● **Problem description**: Only the lines from the first line of the data through the line containing "A wooden podium" belong in the answer, transcribed exactly; pictures do not.

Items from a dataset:
---*---

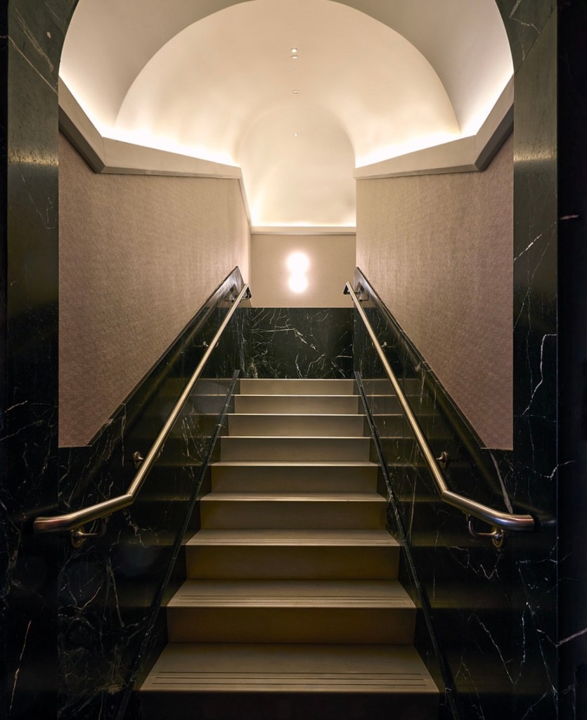 Chaque étage du nouveau flagship raconte une histoire visuelle, pensée comme une ascension dans l’univers Kith. Le design intérieur, subtil mélange de matériaux nobles, joue avec les contrastes : on passe de tonalités sombres à claires au fil de la montée.
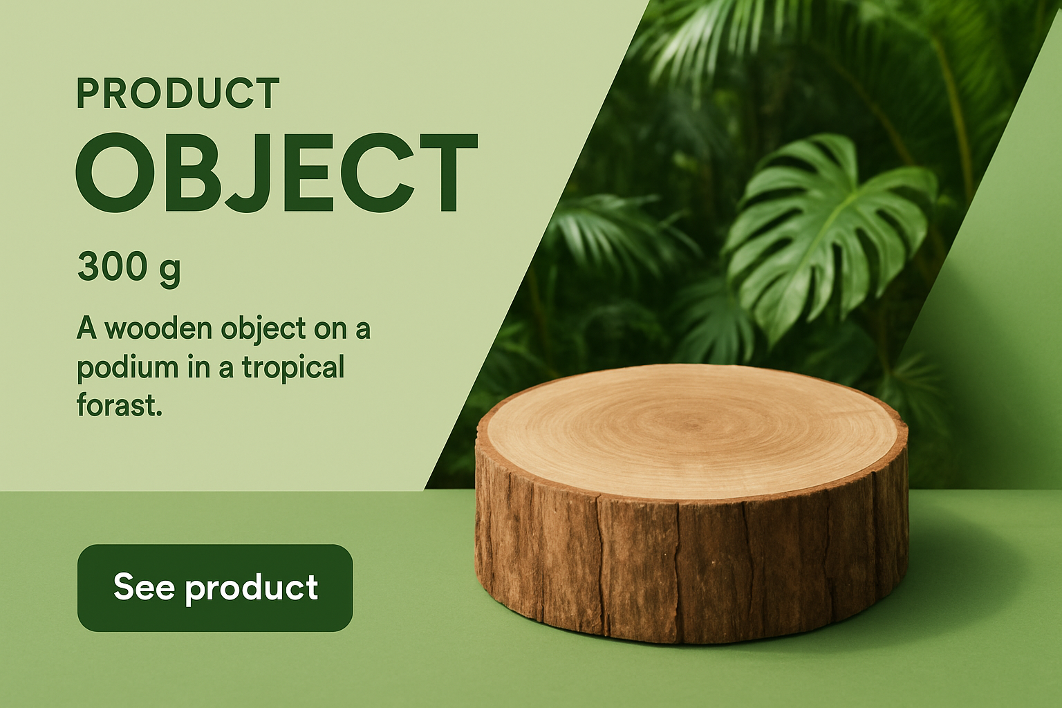 A wooden podium set against a vibrant tropical forest backdrop, featuring contrasting colors. The design highlights a product, complete with bold typography and a clear call to action.
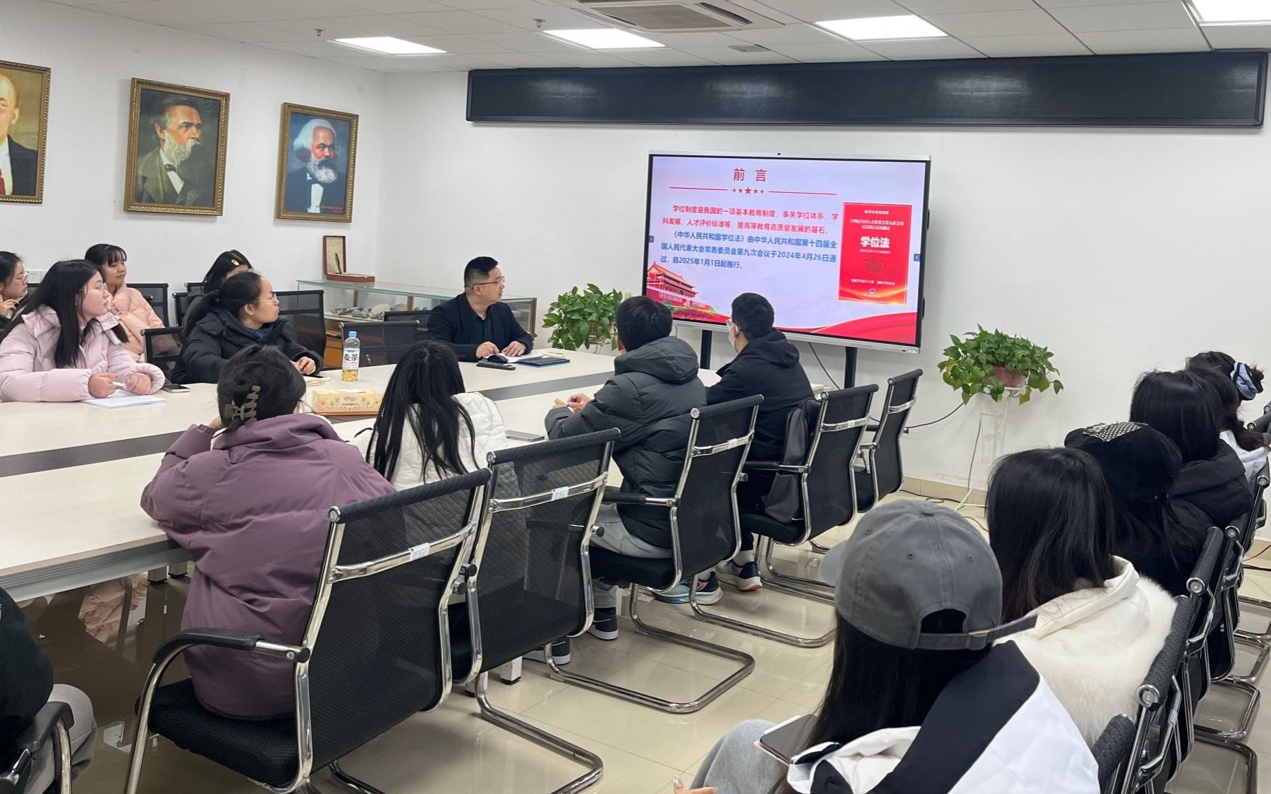 为深入贯彻落实《中华人民共和国学位法》(以下简称《学位法》)暨导师专题培训的工作要求,切实提升学生培养质量,规范学位授予工作,beat365官网于2025年1月6日-15日分组开展了《学位法》专题学习活动。本次学习活动采用线上线下结合的形式进行。学院领导班子成员、30余名研究生导师和全体研究生参加了专题学习,副院长陈军主持和领学。
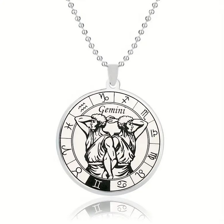 Ocelový náhrdelník a přívěsek se znamením zvěrokruhu - blíženci (gemini). Super dárek pro všechny lidi narozené ve znamení blíženců.
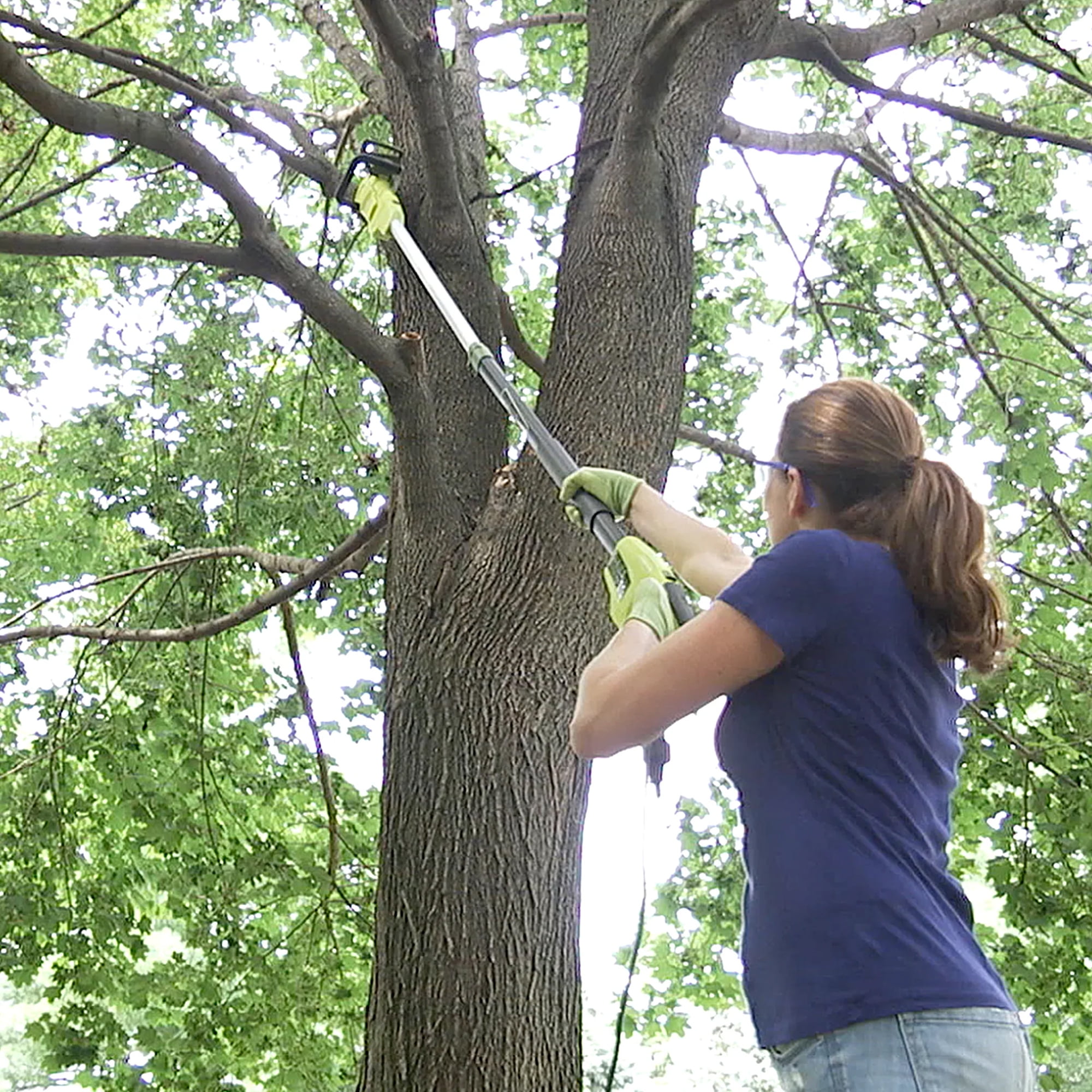 SAW WHAT YOU SEE – WITH THE CHAIN SAW THAT ALWAYS DOES DOUBLE DUTY! Tackle those tough-to-reach branches with ease! The Sun Joe® SWJ805E 2-in-1 convertible electric pole chain saw takes the danger and difficulty out of trimming your overgrown trees. Stand safely on solid ground and simply adjust the telescoping pole. Pole extends to 8.9 ft to gain up to 15 feet of overhead reach. Later, when the limbs are down and there’s wood to be cut, SWJ805E quickly converts from pole saw to hand-held chain saw in seconds, to make light work of loads of logs, low-lying brush and branches. Powered by a robust 6-amp motor, SWJ805E can handle the most stubborn tree limbs up to 7.5-inches thick. It features a durable, 8-inch Sun Joe® bar and chain with an auto-oiler to keep the bar and chain fully lubricated during use. And, unlike gas-powered tools, SWJ805E is powered electrically, so you’ll start up reliably every time with the simple push of a button, without having to deal with smoke, fumes, spark plugs or costly tune-ups. Plus, SWJ805E’s top-notch safety features include a sturdy, non-slip hand grip for added stability, a protective hand guard, a built-in safety switch to prevent accidental starts – and a sheath for safe storage when the day’s work is done. SWJ805E carries a complete two-year warranty. So, Let Gravity Do The Work®, and Go With Joe®: The SWJ805E 2-in-1 Convertible Electric Pole Chain Saw, from Sun Joe. Get Equipped®
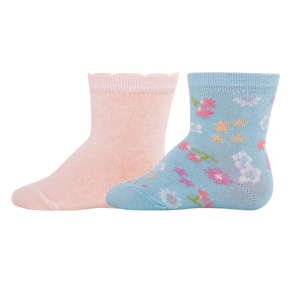 EWERS dětské ponožky Kytičky - modrorůžové, vel. 17-18 - 2 pack
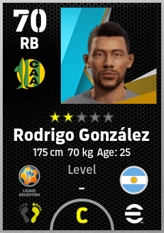 . Rodrigo González is a Right Back footballer from Argentina who plays for Mar Del Plata Va in eFootball 2026.
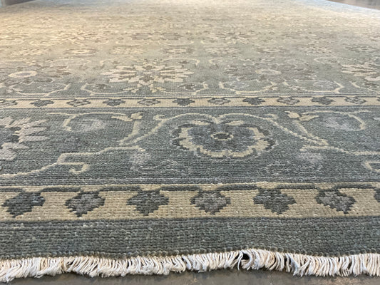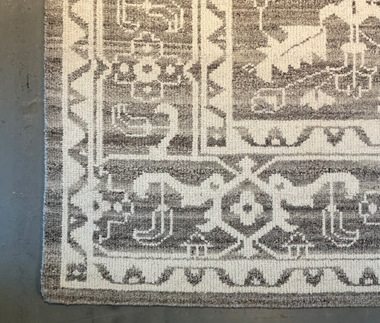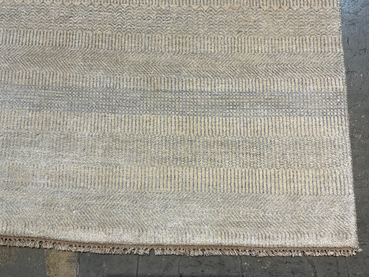 A modern wool and silk rug brings together soft tones of blue, grey | NU-4617
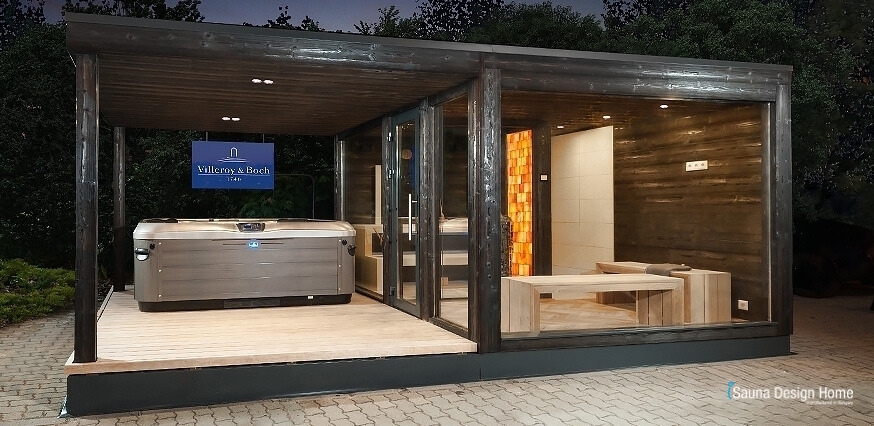 Vordachkonstruktion, wobei das modulare Jetpack-System von Villeroy & Boch das Erlebnis einer individuellen Heilmassage garantiert, dessen stabile Grundlage durch einen extra breiten Boden aus Massivholz, Stärke 4,4cm, Thermowood Erle, Klasse 1 gesichert wird.
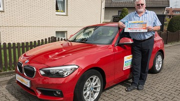Unser motorisierter Straßenpreis geht diesen Monat nach Osnabrück in den Postcode 49078 AU. Hier trifft das Glück Klaus gleich doppelt, denn er gewinnt mit seinem Los einen BMW 1er und 10.000 Euro!

---*---

● **Response to this exercise**:
 Chaque étage du nouveau flagship raconte une histoire visuelle, pensée comme une ascension dans l’univers Kith. Le design intérieur, subtil mélange de matériaux nobles, joue avec les contrastes : on passe de tonalités sombres à claires au fil de la montée.
 A wooden podium set against a vibrant tropical forest backdrop, featuring contrasting colors. The design highlights a product, complete with bold typography and a clear call to action.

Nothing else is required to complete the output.